MDW best practices

  • Hi All,

    Please share the best practices to be followed to cinfigure MDW. I am goint to implement MDW to capture database growth,cpu usages,memory utilization and all other paramaters.

    Chandu

  • chandu.ade (5/6/2010)


    Please share the best practices to be followed to cinfigure MDW. I am goint to implement MDW to capture database growth,cpu usages,memory utilization and all other paramaters.

    Follow the fine Microsoft documentation and everything will be Okay.

    _____________________________________
    Pablo (Paul) Berzukov

    Author of Understanding Database Administration available at Amazon and other bookstores.

    Disclaimer: Advice is provided to the best of my knowledge but no implicit or explicit warranties are provided. Since the advisor explicitly encourages testing any and all suggestions on a test non-production environment advisor should not held liable or responsible for any actions taken based on the given advice.
  • For my servers, I've just accepted the defaults, and on a couple of them increased data retention and also compressed a few tables and indexes. Nothing you can't easily learn along the way.

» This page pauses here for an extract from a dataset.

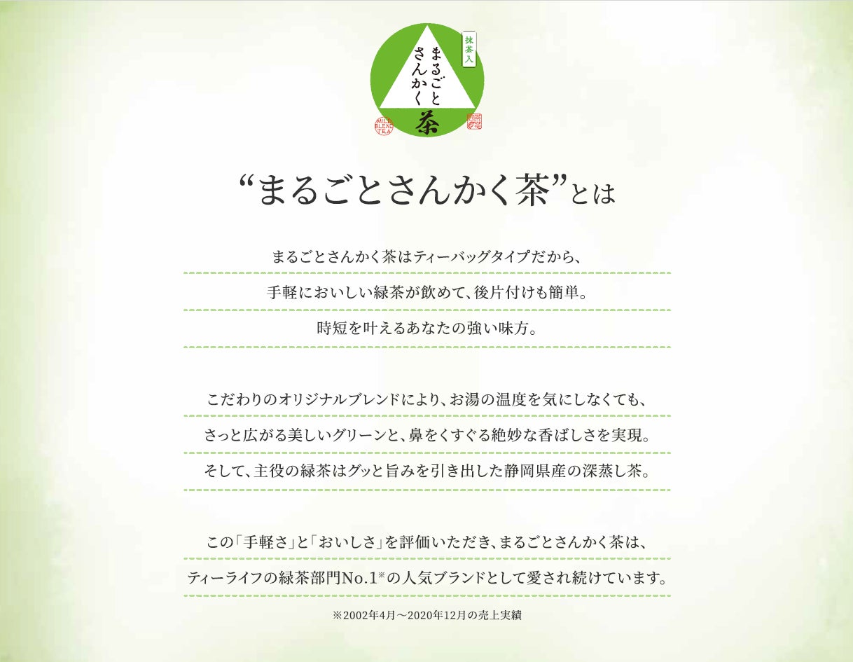 今回ご紹介する「まるごとさんかく茶」は、ティーライフ緑茶部門No.1のお客様からうれしいお声をたくさんいただくファンの多い商品です。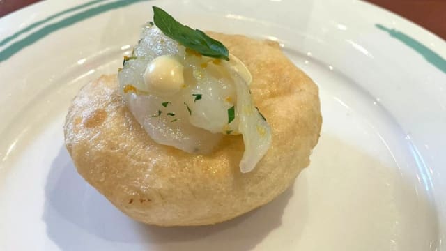 Tartara di pesce bianco, chips di riso, quinoa, verdure croccanti, avocado marmellata di cipolle/ tartara di tonno rosso, salicornia, limone, pinoli, zenzero, mostarda di pomodoro, tacos lime e pepe rosa/ cannolo di gamberi, burrata, salsa alla pizzaiola, crumble alle erbe

    /* ----------------------------- */
    Tochter aus Elysium, Wir betreten feuertrunken, Himmlische, dein Heiligtum!

  • Folks,

    I am trying to build a SQL Server jobs historical warehouse. This is to run reports to see how a certain jobs are peperforming over few months on a number of instances.

    For that I would like to use MDW. Everything is on SQL Server 2008.

    How would I go about it?

    Any output is trully appreciated.

    thanks!

    Bee

    if one wants it.. one will justify it.

  • I've had lots of trouble with this half-baked 'feature'.

    A couple of dozen monitored instances ended up in an mdw db over 700GB data and 300-odd GB log.

    Looking at the code inside explains some of the issues, it was probably written by trainees.

    Make sure you assign good storage to both data and logs. This one caught me out, the SAN was not nippy and the clearing up wasn't happening properly on the datafile. Had to drop the whole thing twice and start over again with new defaults (choosing to retain less rather than more).

    Watch carefully the size growth in the first few weeks and pre-allocate enough space. It can grow very large very fast.

    Be careful, some snapshots are every 15seconds, that can lead to huge tables that are very slow to query afterwards. You may want to change them to 300 secs perhaps.

    Also stagger the Agent jobs manually, you don't want all over them hitting the central db at the same time (clearly the defaults are not meant for multi-instance usage:hehe:)

    There are bugs in the procs as well, worth doing an internet search.

    Yes it comes free with SQL, but it is worth as much.:-D

    Cheers,

    JohnA

    MCM: SQL2008

  • Its a pitty that every second DBA must re-create a wheel for very common things: I want to see how my job is performing for the last 6 months.. I need to build a data mart for it.. sucks..

    if one wants it.. one will justify it.

  • boris_shvartsman (12/17/2012)


    Its a pitty that every second DBA must re-create a wheel for very common things: I want to see how my job is performing for the last 6 months.. I need to build a data mart for it.. sucks..

    SQL already provides this history. Just go to the properties of SQL Server Agent then change the history tab from the default values of 1000/100 to something significantly larger.

    /* ----------------------------- */
    Tochter aus Elysium, Wir betreten feuertrunken, Himmlische, dein Heiligtum!